Several months of the year 1766 were passed by Mrs. Chapone at the parsonage of her second brother, John, at Thornhill, near Wakefield, in Yorkshire. It was then she conceived that partiality for her niece, his eldest daughter, to which society is indebted for her 'Letters on the Improvement of the Mind.'
Having become acquainted with Mrs. Montagu some time in 1762, she about eight years after joined her in her tour into Scotland; a tour from which she derived both information and amusement, and which her pen has described with fidelity and interest. 'I am grown as bold as a lion with Mrs. Montagu,' asserts Mrs. Chapone, two years before their tour, to Mrs. Carter, 'and fly in her face whenever I have a mind: in short, I enjoy her society with the most perfect _gout_; and find my love for her takes off my fear and awe, though my respect for her character continually increases.' Mrs. Montagu's great friendship was found eminently conducive to the welfare of Mrs. Chapone. It added to her sources of intellectual gratification, extended the old circle of her acquaintance, and emboldened and encouraged her to submit her writings to the world.
We are now to consider Mrs. Chapone's literary performances; which, following the order of publication, consist of
Letters on the Improvement of the Mind; 1773.
Miscellanies, in Prose and Verse; 1775.
Posthumous Works; two volumes, 1804.
These latter volumes contain Mrs. Chapone's Correspondence with Mr. Richardson, on Filial Obedience; a Matrimonial Creed, sent by her to him; Letters to her friends; some Fugitive Poetry; and 'An Account of her _Life and Character_, drawn up _by her own Family_.' Dismissing the consideration of its partiality, this account, justly so called, has no claim to the character of biography.

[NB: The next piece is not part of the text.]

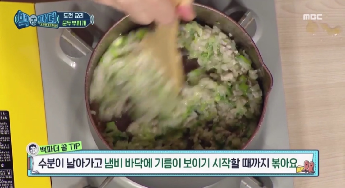 기름이 보이기 시작할 때까지 볶아주세요.순두부찌개 재료 볶기

Her 'Letters on the Improvement of the Mind' owed much of their early success to the talents and kindness of Mrs. Montagu. 'The bookseller,' writes their Author, July the 20th, 1773, 'is preparing the second edition with all haste, the whole of the first being gone out of his hands; which, considering that he printed off fifteen hundred at first, is an extraordinary quick sale. _I attribute this success principally to Mrs. Montagu's name, and patronage_,' &c. More of this is told in the Dedication of the work to her. 'I believe you (Mrs. Montagu) are persuaded that I (Mrs. Chapone) never entertained a thought of appearing in public, when the desire of being useful to one dear child, in whom I take the tenderest interest[12], induced me to write the following letters: perhaps it was the partiality of friendship which so far biassed your judgment as to make you think them capable of being more extensively useful, and warmly to recommend the publication of them. If,' proceeds the author, 'you will allow me to add that _some strokes of your elegant pen_ have corrected these Letters, I may hope _they will be received with an attention_ which will insure a candid judgment from the reader; and, perhaps, will enable them to _make some useful impressions_ on those to whom they are now particularly offered.'
Notwithstanding their intrinsic excellence, various circumstances co-operated to give to her Letters immediate popularity. Besides the beginning preference for books on education, epistolary composition, the style of her work, was then in very general estimation. It was the style to which the volumes of Richardson, the correspondence of Pope, the letters of Chesterfield and of Orrery, had familiarized the public mind. Nor could expectation have been indifferent to any production from the pen of one who was the friendly pupil of Samuel Richardson; in favour of whom the discerning part of readers were already prepossessed, by the commendation he had bestowed on her talents, and the assiduity with which he had cultivated her correspondence. What might not be hoped from a lady, who, when not much above twenty years of age, was considered qualified to controvert with him the subject of paternal authority and filial obedience? But, if admiration had been excited, it was only in order to be gratified. Mrs. Chapone did not disappoint the expectations entertained concerning Miss Mulso.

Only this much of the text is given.